The basic script is a fairy tale that balancing the budget in the face of the $13 trillion in Wall Street bailouts requires cutting back spending elsewhere in the economy. The Federal Reserve and Treasury were able to create this money for the banks, but pretend to be unable to do the same for the projected $1 trillion in Social Security deficits that may or may not materialize a generation from now. New wars in Syria and elsewhere can be funded by money creation, but not social spending programs – to say nothing of financing public infrastructure costs with public money creation rather than by recourse to Wall Street. This is the great policy asymmetry of the Obama Administration’s plans to use the economic crisis as an opportunity to cut and ultimately privatize Social Security as the capstone of a financialized Public-Private Partnership.

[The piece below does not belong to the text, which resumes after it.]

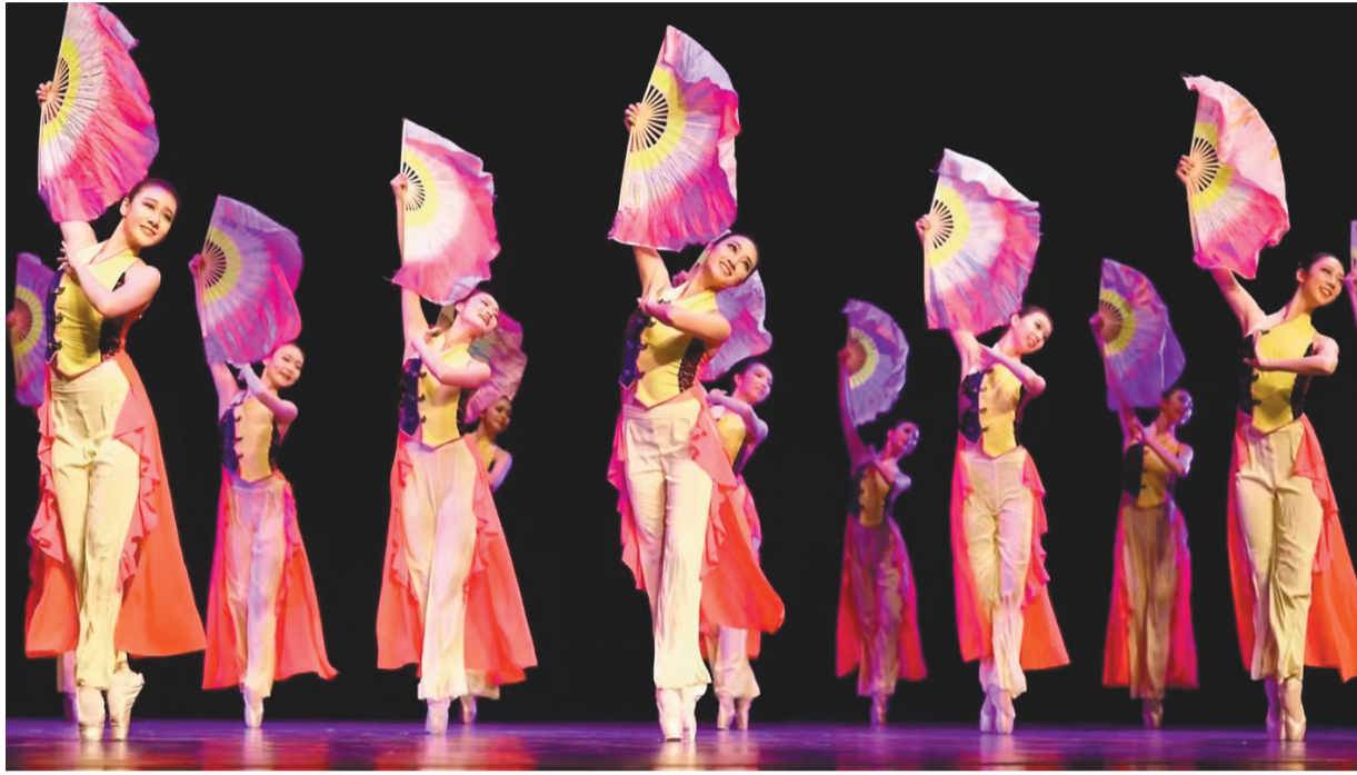
舞蹈《茉莉花》演出照。

核心提示 11月22日,记者从辽宁芭蕾舞团了解到,该团本年度对外文化交流工作即将完成,目前,辽宁芭蕾舞团正在进行对外艺术培训收尾工作。据了解,辽宁芭蕾舞团艺术中心刚刚结束舞蹈教学视频课程录制工作,为蒙古国提供37堂舞蹈培训视频课程,用于当地民众学习舞蹈。近年来,辽宁芭蕾舞团对外文化交流成果丰硕,辽宁芭蕾舞团一方面坚持原创舞剧,另一方面持续与国外著名舞团及编导联合创作舞蹈作品,赴五大洲巡演,以芭蕾为载体,讲述中国故事。由于成绩显著,辽宁芭蕾舞团多次受到表彰。其中,辽宁芭蕾舞团原创舞剧《花木兰》入选“中华文化走出去”重点推介项目。

Here’s the problem that President Obama did not address in his speech: Today’s debt deflation and economic shrinkage are pushing federal, state and local budgets into deficit. This is forcing public spending to be cut back proportionally. That cutting will push state, local and federal budgets even further into deficit. This is why we are hearing calls to start selling off public infrastructure – to buyers who will become new customers for Wall Street investment banks.
It is the same phenomenon we are seeing in Europe. The newest economic prize is the right to buy rent-extraction rights to turn public roads into toll roads and similar rentier tollbooth installations. All this increases the cost of living and doing business, making the economy high-cost even as it is being impoverished.
That is not a solution. It bears out the classic principle that the solution to every problem tends to create new, even larger problems. Often these are unforeseen. But today’s problems in the making are all too foreseeable. What is needed is to keep translating the President’s speeches into their subtext.